**Data for this task**
⟨
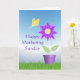 Fleur violette et papillon jaune avec texte personnalisable "Happy Mothering Sunday". L'intérieur est vide.
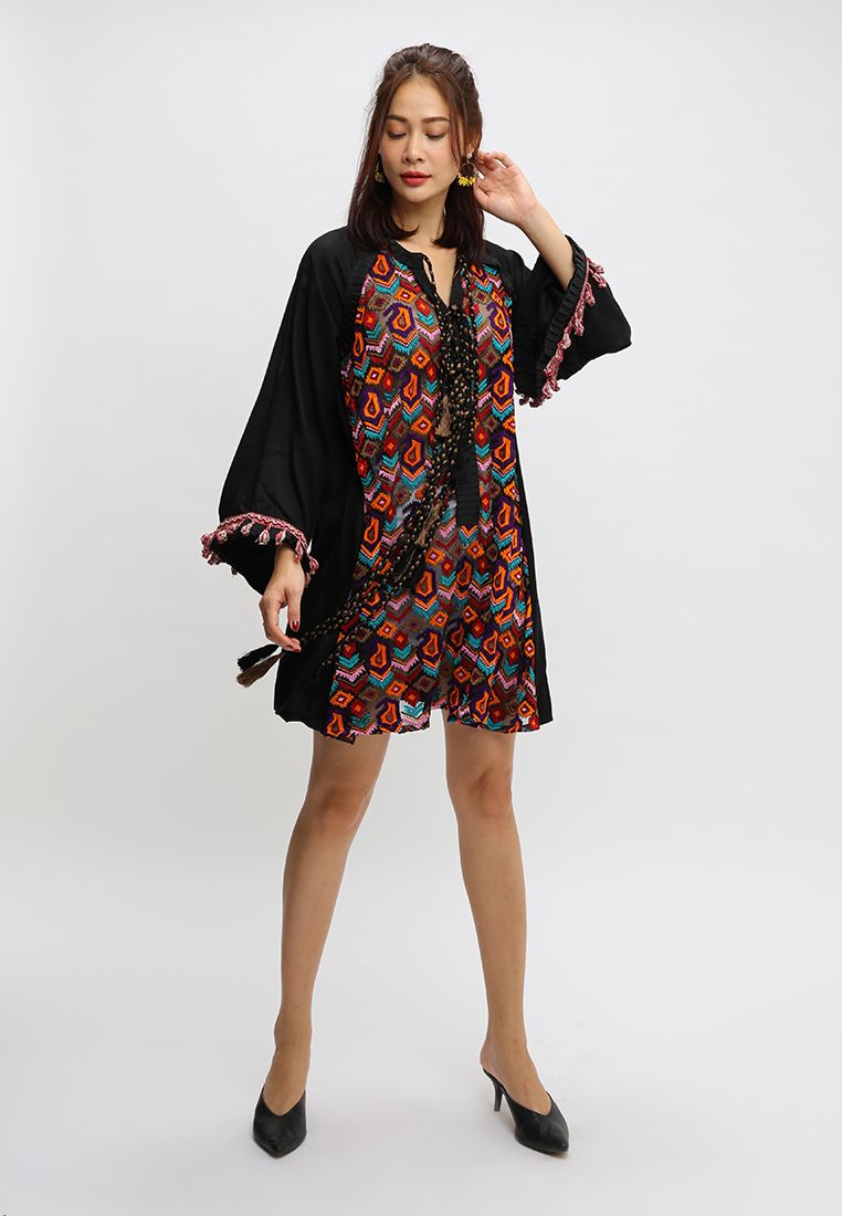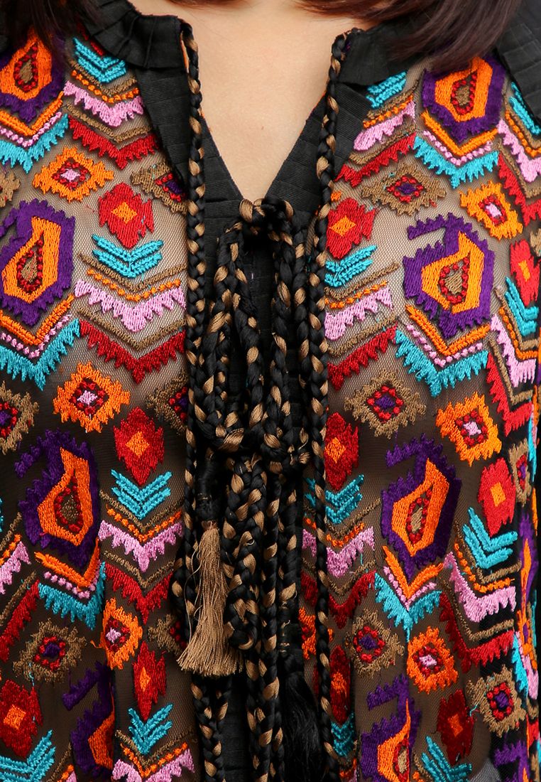 Phần thân trước phối ren lưới, kết hợp thêu nổi, hoạ tiết nổi bật
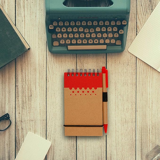DISCOUNT PROMOS 10 Recyclable Spiral Small Notebooks Pack - 60 Lined Pages - Red
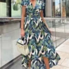 AX Paris Hot Pink Ruched Asymmetrical Frill Midi Dress With Flower Detail
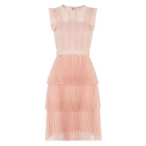 Heartloom Lace Tiered Dress Dusty Rose Pink XS 0 2
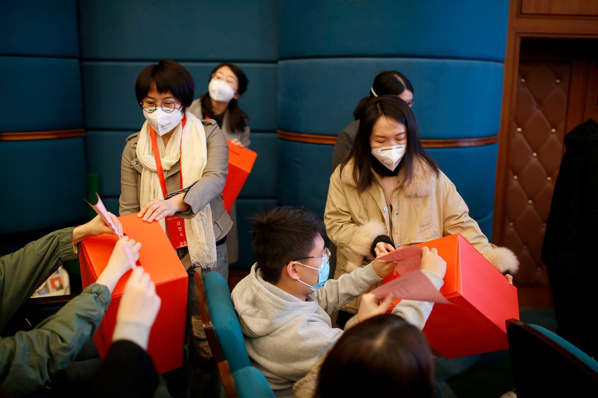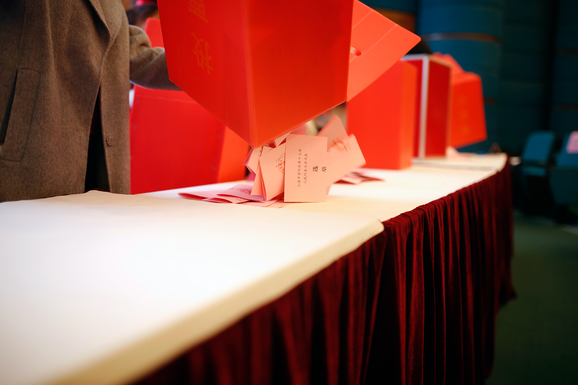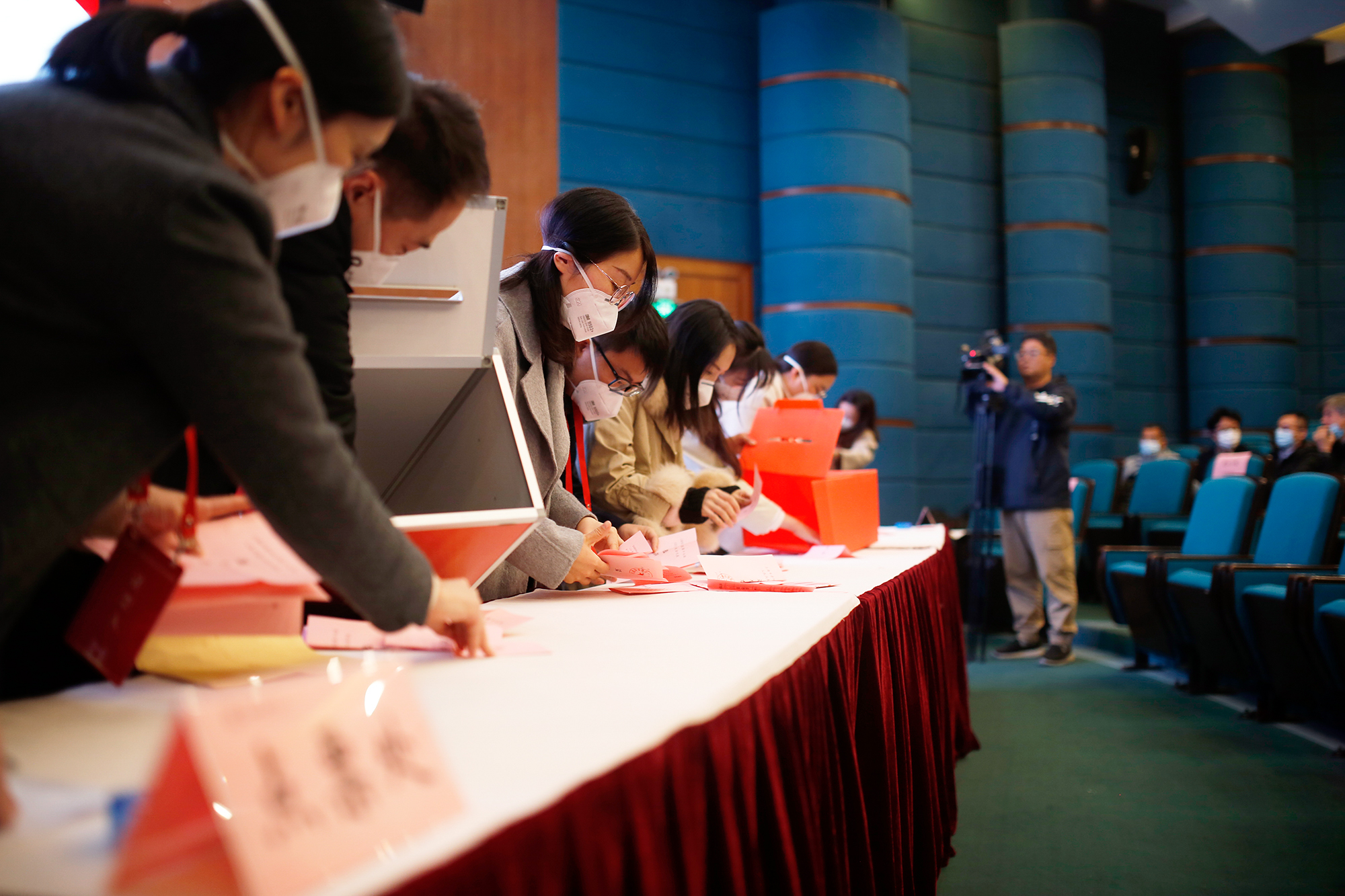 工作人员分发选票
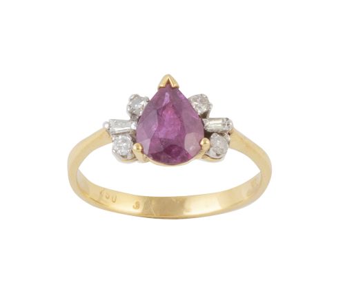 230. Sortija con rubí talla pera flanqueado por parejas de brillantes y diamante talla baguette
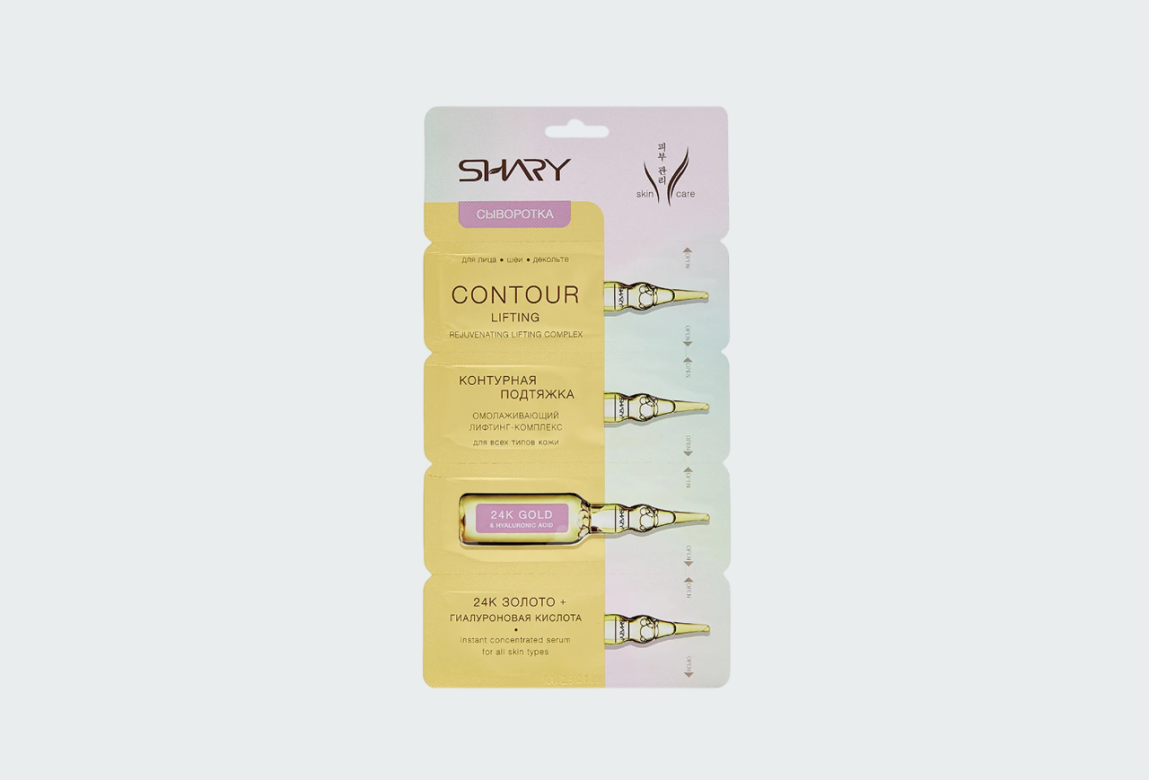 Сыворотка Shary "Контурная подтяжка" — омолаживающее средство с золотом и гиалуроновой кислотой, подходящее для всех типов кожи. Ионы золота стимулируют обновление клеток, повышают синтез коллагена и улучшают кислородное питание кожи. Гиалуроновая кислота глубоко увлажняет, сохраняя упругость и ровный цвет лица. Результат — заметный лифтинг-эффект, устранение признаков усталости и возвращение коже здорового сияния.
⟩
**What the exercise asks**
Give an exact copy of the data, and omit any pictures it holds.

**Reply to the task**
 Fleur violette et papillon jaune avec texte personnalisable "Happy Mothering Sunday". L'intérieur est vide.
 Phần thân trước phối ren lưới, kết hợp thêu nổi, hoạ tiết nổi bật
DISCOUNT PROMOS 10 Recyclable Spiral Small Notebooks Pack - 60 Lined Pages - Red
 AX Paris Hot Pink Ruched Asymmetrical Frill Midi Dress With Flower Detail
 Heartloom Lace Tiered Dress Dusty Rose Pink XS 0 2
 工作人员分发选票
 230. Sortija con rubí talla pera flanqueado por parejas de brillantes y diamante talla baguette
 Сыворотка Shary "Контурная подтяжка" — омолаживающее средство с золотом и гиалуроновой кислотой, подходящее для всех типов кожи. Ионы золота стимулируют обновление клеток, повышают синтез коллагена и улучшают кислородное питание кожи. Гиалуроновая кислота глубоко увлажняет, сохраняя упругость и ровный цвет лица. Результат — заметный лифтинг-эффект, устранение признаков усталости и возвращение коже здорового сияния.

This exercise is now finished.